### YOUR OBJECTIVE
All the lines below need to be output exactly, apart from any images.

Top of GIVEN DATA

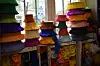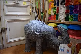 Finally, she covers the paper-mâché with fringed, coloured paper and any necessary details, a process which takes around four hours.
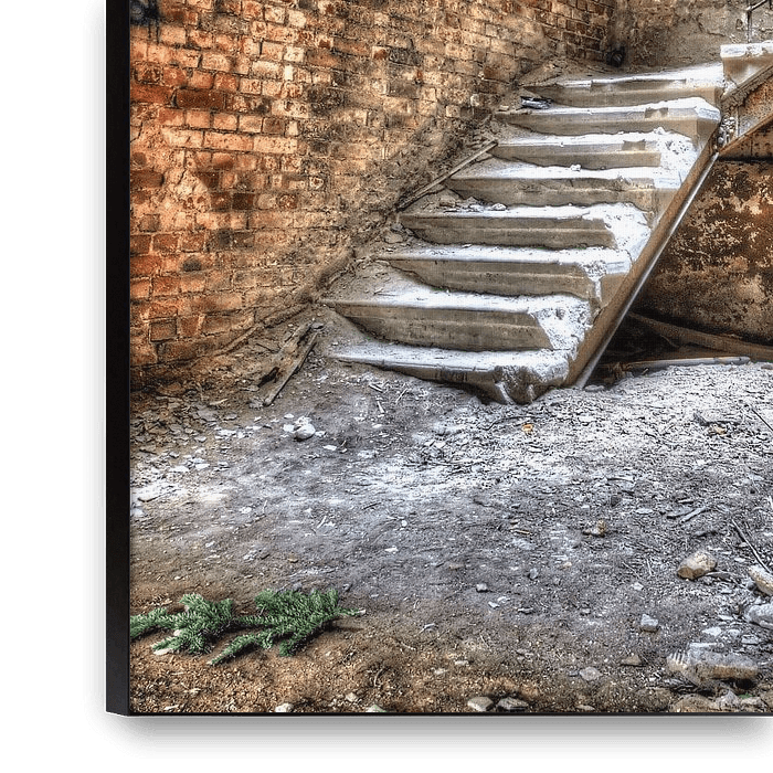 Bestelle das Foto Steintreppe in einem alten und verlassenen Militärkrankenhaus/Sanatorium von Tineke Visscher als Reproduktion auf Leinwand, Alu-Dibond, als Poster, Fototapete oder Acrylglasbild.
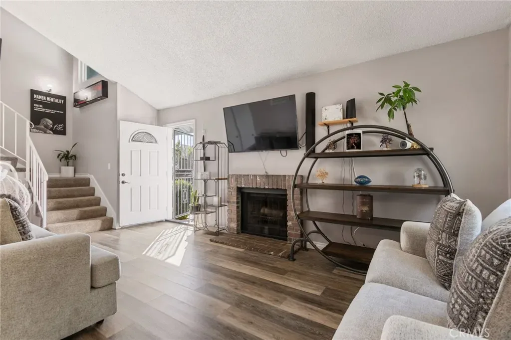 Step inside to a bright and airy living room with soaring vaulted ceilings, stylish wood-style flooring, and a cozy brick fireplace that creates a warm and inviting atmosphere. The open living and dining areas flow seamlessly into the kitchen, offering generous cabinetry and ample counter space, perfect for both casual meals and gatherings with family and friends.
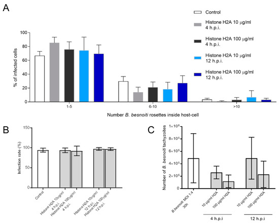 Histone 2A (H2A) did not affect the number of intracellular B. besnoiti rosettes. B. besnoiti-infected BUVEC (three different isolates, N = 3) were treated with H2A (10 or 100 µg/mL) at 4 and 12 h.p.i. At 24 h.p.i. cell layers were analyzed by randomly taking five microscopic images using phase contrast microscopy. The total number of B. besnoiti rosettes per host cell was determined and the percentage of host cells carrying different numbers of PV was estimated and sub-grouped in different categories (with 1–5, 6–10 and >10 rosettes/cell, respectively; (A)). Furthermore, the infection rate (B) and the total number of tachyzoites being released into cell supernatant within 30 h.p.i. was estimated via qPCR (C). Bar graph shows mean ± SD. (n = 238).
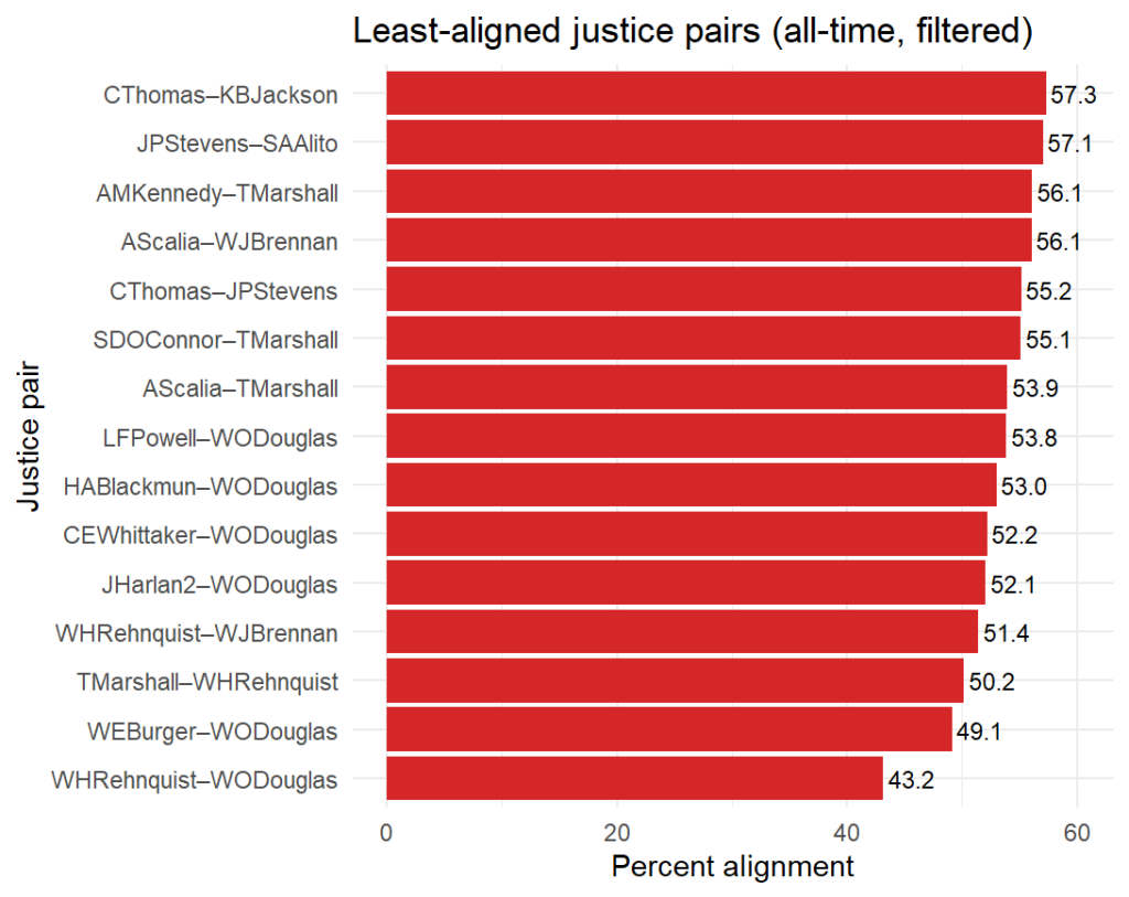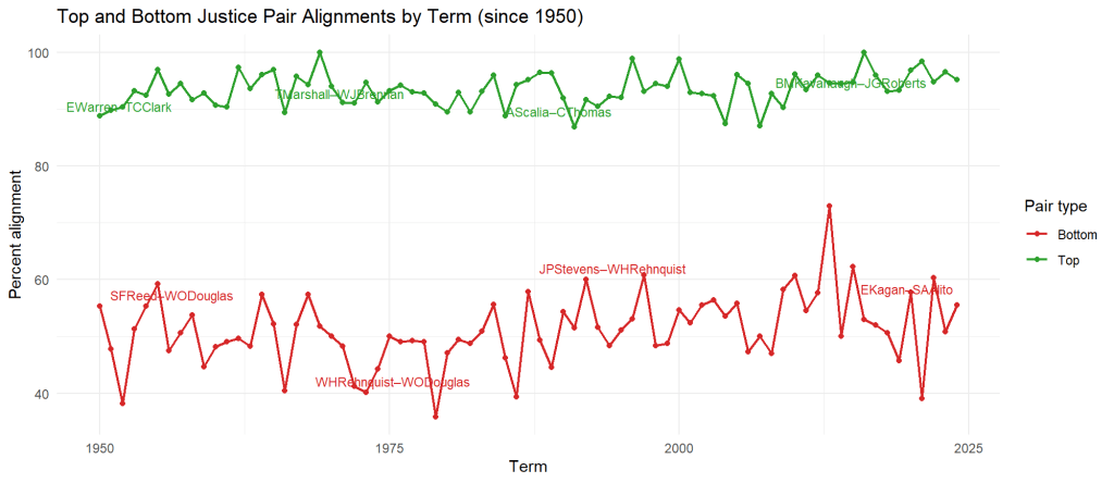 Another interesting pattern emerges by looking at this data: while top-pair agreements (justices agreeing with one another) have remained remarkably stable – in the 90-100% range across seven decades – bottom-pair agreements (justices disagreeing with one another) have fluctuated wildly. This shows a fundamental asymmetry: ideologically similar justices reliably vote together, but cross-ideological disagreements have varied in intensity.
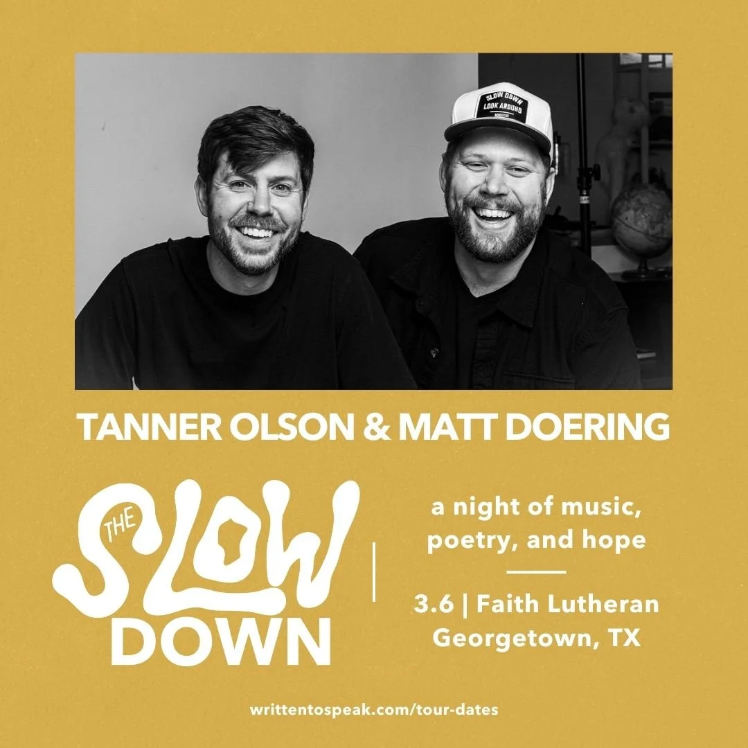 Join us as we slow down for an evening of music, poetry, & hope with our own Matt Doering & author/poet/speaker Tanner Olson. Through original music & poetry, Matt & Tanner invite you to rest in the hope of Jesus.
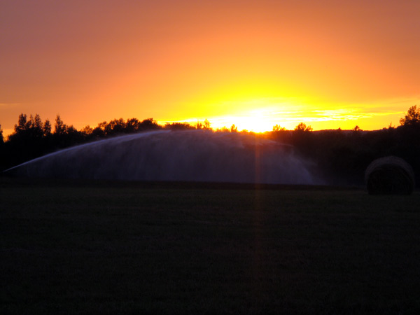 This is what the irrigation of the Maine potatoes, spud fields looks like at sunset on the farm.
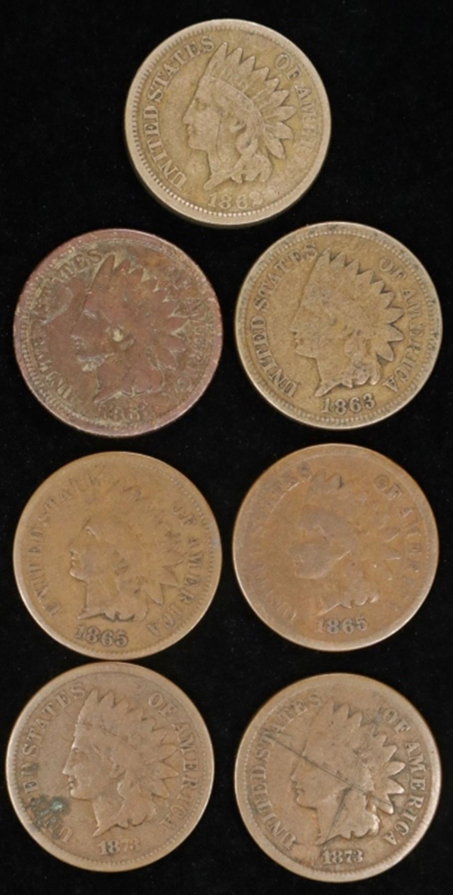 1862 VG, SCRATCHES, 1863 GOOD, SCRATCHES, 1863 GOOD, (2) 1865 GOOD, (2) 1873 AG DAMAGED ESTIMATE $90 - $130.

Bottom of GIVEN DATA

### RESPONSE
 Finally, she covers the paper-mâché with fringed, coloured paper and any necessary details, a process which takes around four hours.
 Bestelle das Foto Steintreppe in einem alten und verlassenen Militärkrankenhaus/Sanatorium von Tineke Visscher als Reproduktion auf Leinwand, Alu-Dibond, als Poster, Fototapete oder Acrylglasbild.
 Step inside to a bright and airy living room with soaring vaulted ceilings, stylish wood-style flooring, and a cozy brick fireplace that creates a warm and inviting atmosphere. The open living and dining areas flow seamlessly into the kitchen, offering generous cabinetry and ample counter space, perfect for both casual meals and gatherings with family and friends.
 Histone 2A (H2A) did not affect the number of intracellular B. besnoiti rosettes. B. besnoiti-infected BUVEC (three different isolates, N = 3) were treated with H2A (10 or 100 µg/mL) at 4 and 12 h.p.i. At 24 h.p.i. cell layers were analyzed by randomly taking five microscopic images using phase contrast microscopy. The total number of B. besnoiti rosettes per host cell was determined and the percentage of host cells carrying different numbers of PV was estimated and sub-grouped in different categories (with 1–5, 6–10 and >10 rosettes/cell, respectively; (A)). Furthermore, the infection rate (B) and the total number of tachyzoites being released into cell supernatant within 30 h.p.i. was estimated via qPCR (C). Bar graph shows mean ± SD. (n = 238).
 Another interesting pattern emerges by looking at this data: while top-pair agreements (justices agreeing with one another) have remained remarkably stable – in the 90-100% range across seven decades – bottom-pair agreements (justices disagreeing with one another) have fluctuated wildly. This shows a fundamental asymmetry: ideologically similar justices reliably vote together, but cross-ideological disagreements have varied in intensity.
 Join us as we slow down for an evening of music, poetry, & hope with our own Matt Doering & author/poet/speaker Tanner Olson. Through original music & poetry, Matt & Tanner invite you to rest in the hope of Jesus.
 This is what the irrigation of the Maine potatoes, spud fields looks like at sunset on the farm.
 1862 VG, SCRATCHES, 1863 GOOD, SCRATCHES, 1863 GOOD, (2) 1865 GOOD, (2) 1873 AG DAMAGED ESTIMATE $90 - $130.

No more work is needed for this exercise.